Personal Access Token
In order to access the dispatches endpoint, you’ll need a Personal Access Token (PAT) which grants programmatic access
to your repositories. Here’s how I generated a fine-grained one:
- In GitHub, click on your profile picture in the top-right and select “Settings”.
- Click “Developer settings”, at the bottom-left of the settings page.
- Click “Personal access tokens” / “Fine-grained tokens” on the left-hand side.
- Click “Generate new token”.
- Give it a name. Since it will have fine-grained permissions, give it a sensible name and description reflecting that.
- Under “Repository access”, choose “Only select repositories”. In the widget that appears, choose the target
repository (in our example, this is
tests). This limits the damage that it can cause. - Under “Repository permissions”, you’ll need to choose “Contents: Read and write”, per the documentation here.
- Click “Generate token”.
- Important: you’re going to need the content of the secret later (it starts with
github_pat_), so copy it to a scratch text file or somewhere. Do NOT check it in.
Triggering it from the source repository
Create a workflow in the-app that includes the curl command from above.

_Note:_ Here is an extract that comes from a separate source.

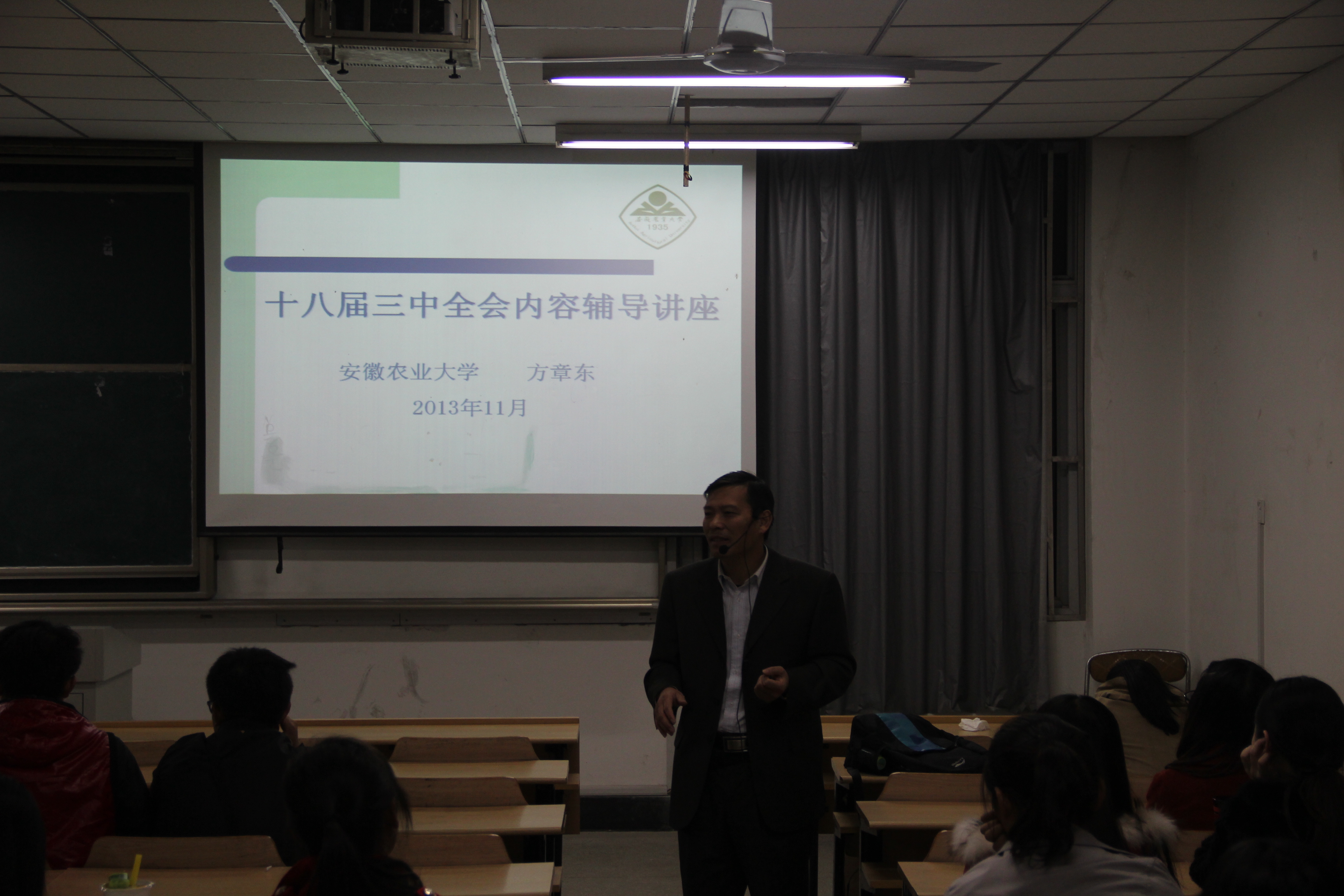 本网讯 为期四天的十八届三中全会于11月12日在北京胜利闭幕,为深入学习贯彻“十八届三中全会”精神,提高新生团干部的思想政治素质,11月18日晚上在人文楼202教室,思政部主任、副院长方章东教授为新生团干部做了一场解读十八届三中全会的讲座,2013级各班级团干部参加了讲座。

# .github/workflows/trigger-integration-tests.yaml
name: "Trigger Integration Tests"
# Run this action when there's a push to 'main'.
on:
push:
branches: ["main"]
jobs:
trigger-integration-tests:
name: "Trigger Integration Tests"
runs-on: ubuntu-latest
steps:
- name: "Trigger Integration Tests"
run: |
target_repo=the-tests
curl -qs \
--fail-with-body \
-L \
-X POST \
-H "Accept: application/vnd.github+json" \
-H "Authorization: Bearer ${{ secrets.THE_TESTS_PAT }}" \
-H "X-GitHub-Api-Version: 2022-11-28" \
https://api.github.com/repos/$GITHUB_REPOSITORY_OWNER/$target_repo/dispatches \
-d '{"event_type":"integration-tests"}'
Notes:
- I used
$GITHUB_REPOSITORY_OWNER, which evaluates to the owner of this repository (i.e.the-app). This means that if both repositories are forked, it’ll trigger the tests in the correct fork. - If you want to use an environment variable in
event_type:, bear in mind shell quoting rules. - You’ll need to configure the
THE_TESTS_PATsecret; see below.
Secrets
Workflows can access secrets using the ${{ secrets.NAME }} syntax. We’ll use this to access the Personal Access Token
that we created above.
- In the
the-apprepository (the “source”), click on “Settings” at the top. - Click on “Secrets and variables” on the left-hand side, under “Security”.
- Click on “Actions”.
- Click on “New repository secret”.
- Give it a name. In the above workflow step, it was called
THE_TESTS_PAT, so use that. - Paste in the
github_pat_...secret from earlier. - Click “Add secret”.
Conclusion
At this point, any push to main in the-app should trigger the “Run Integration Tests” workflow in the-tests. You
can extend so that the-app, the-lib, the-other-lib, etc. all trigger the integration tests when they’re pushed to.
What’s missing?
- Triggering
the-testsfor pull requests against dependencies. I’ll dig into that later – it’ll require messing with dependency versions. - Triggering the integration tests only if all of the actions in
the-appsucceed. If that’s all in a single workflow file, it’ll get ugly. “Reusable workflows” can probably help here.
What’s annoying?
- If you have multiple dependencies, you need to add the triggering workflow to each of them. It might be better to use a time-based polling mechanism instead.
- If you push to more than one dependency, it’ll trigger multiple times and might not wait until everything’s quieted down.